** Opening Data section block **

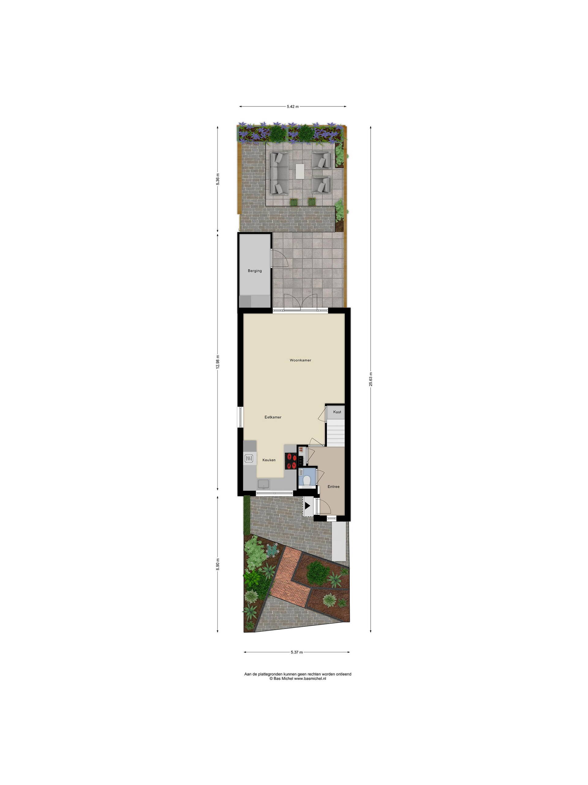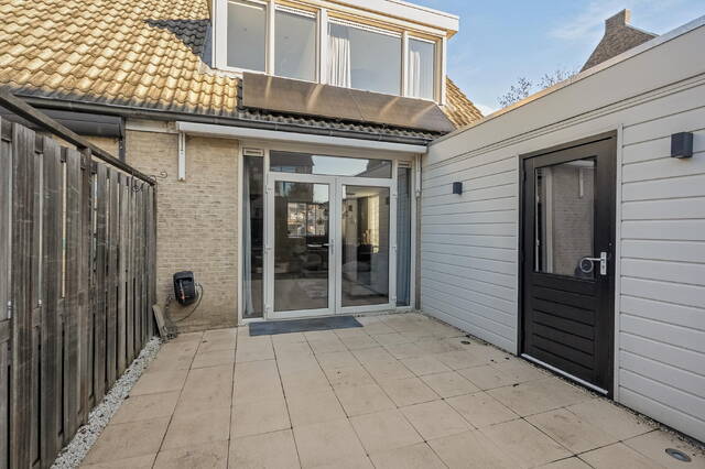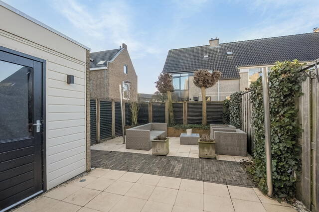 De achtertuin op het zuiden is een verlengstuk van de woonkamer. Zonnig, verzorgd aangelegd met sierbestrating en omringd door houten schuttingen. Het elektrisch bedienbare zonnescherm zorgt voor schaduw op warme dagen. Via de poort aan de zijkant ben je zo buitenom. De aangebouwde houten berging is ideaal voor fietsen, gereedschap en tuinspullen.
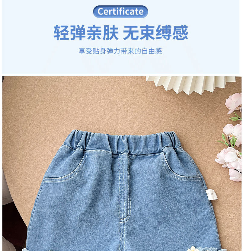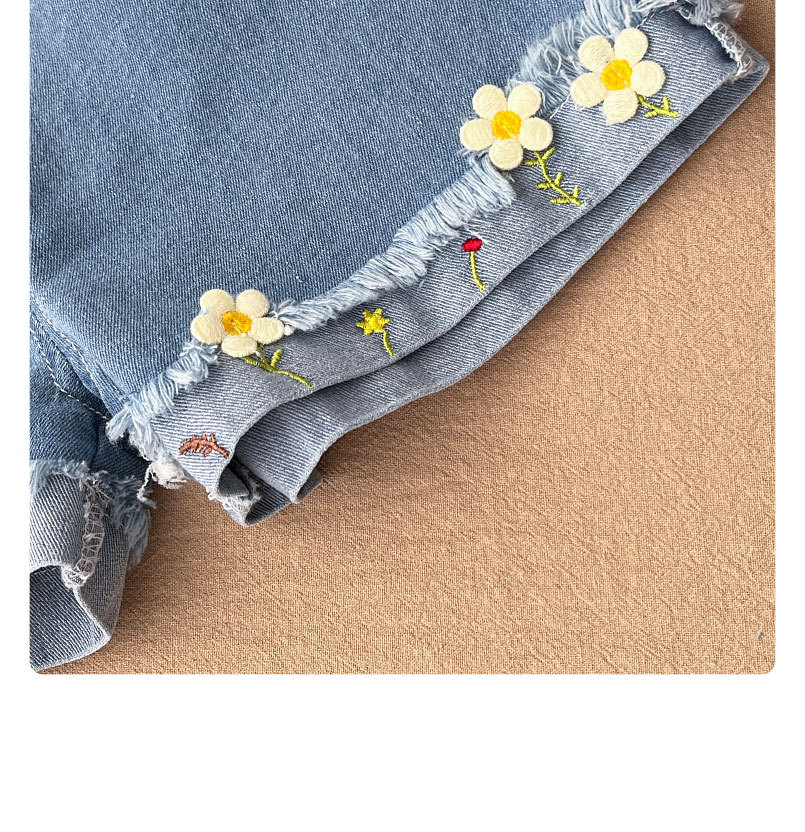 여름 새 어린이 한국식 꽃 수놓은 느슨한 여성 올매치 외신 얇은 데님 반바지
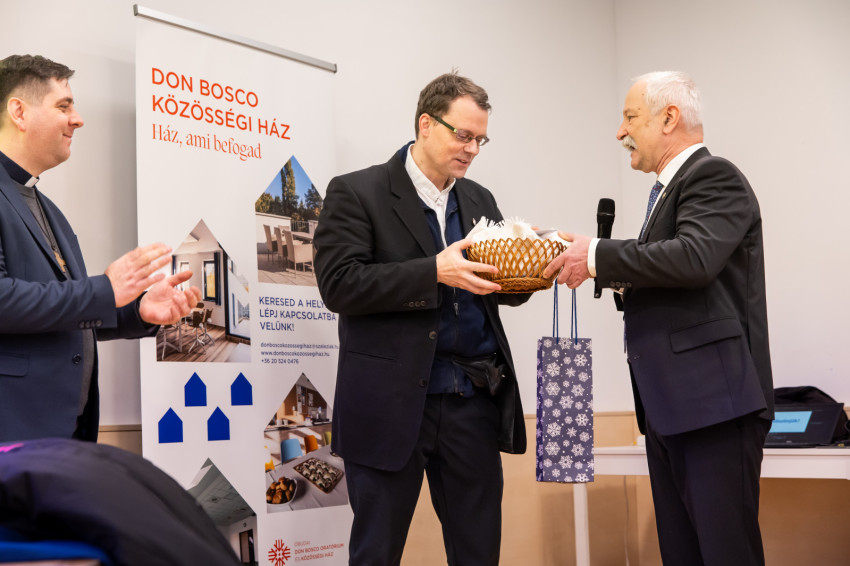 A mise után az ünneplés a Don Bosco-oratóriumban folytatódott, ahol a szeretetvendégség előtt a jelenlévők vetített képes összeállítást tekinthettek meg Andrásfalvy János volt tartományfőnök tevékenységének legfontosabb eseményeiből, valamint a rendtársak és a világi munkatársak átadták ajándékaikat a volt elöljárónak.
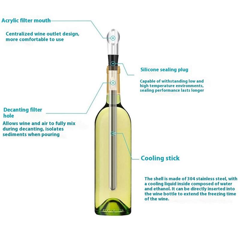 • 3-in-1 Stainless Steel Wine Chilling Rod - Iceless Cooler Stick with Aerator & Pourer
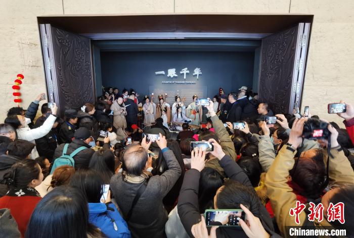 太原北齊壁畫(huà)博物館的“一眼千年”展廳,北齊武安王徐顯秀墓就陳列于此。來(lái)自文瀛雅樂(lè)社和竹里國(guó)樂(lè)團(tuán)的樂(lè)手,將塤、古琴、琵琶、箜篌、笛子等樂(lè)器演繹出《敦煌》《一眼千年》《春節(jié)序曲》,為民眾送福。

** Closing Data section block **

#### [Prompt]
Copy back, word for word, every line between the top of the material above and the line that contains "A mise után", both included, without any pictures.

#### [Solution for this exercise]
 De achtertuin op het zuiden is een verlengstuk van de woonkamer. Zonnig, verzorgd aangelegd met sierbestrating en omringd door houten schuttingen. Het elektrisch bedienbare zonnescherm zorgt voor schaduw op warme dagen. Via de poort aan de zijkant ben je zo buitenom. De aangebouwde houten berging is ideaal voor fietsen, gereedschap en tuinspullen.
 여름 새 어린이 한국식 꽃 수놓은 느슨한 여성 올매치 외신 얇은 데님 반바지
 A mise után az ünneplés a Don Bosco-oratóriumban folytatódott, ahol a szeretetvendégség előtt a jelenlévők vetített képes összeállítást tekinthettek meg Andrásfalvy János volt tartományfőnök tevékenységének legfontosabb eseményeiből, valamint a rendtársak és a világi munkatársak átadták ajándékaikat a volt elöljárónak.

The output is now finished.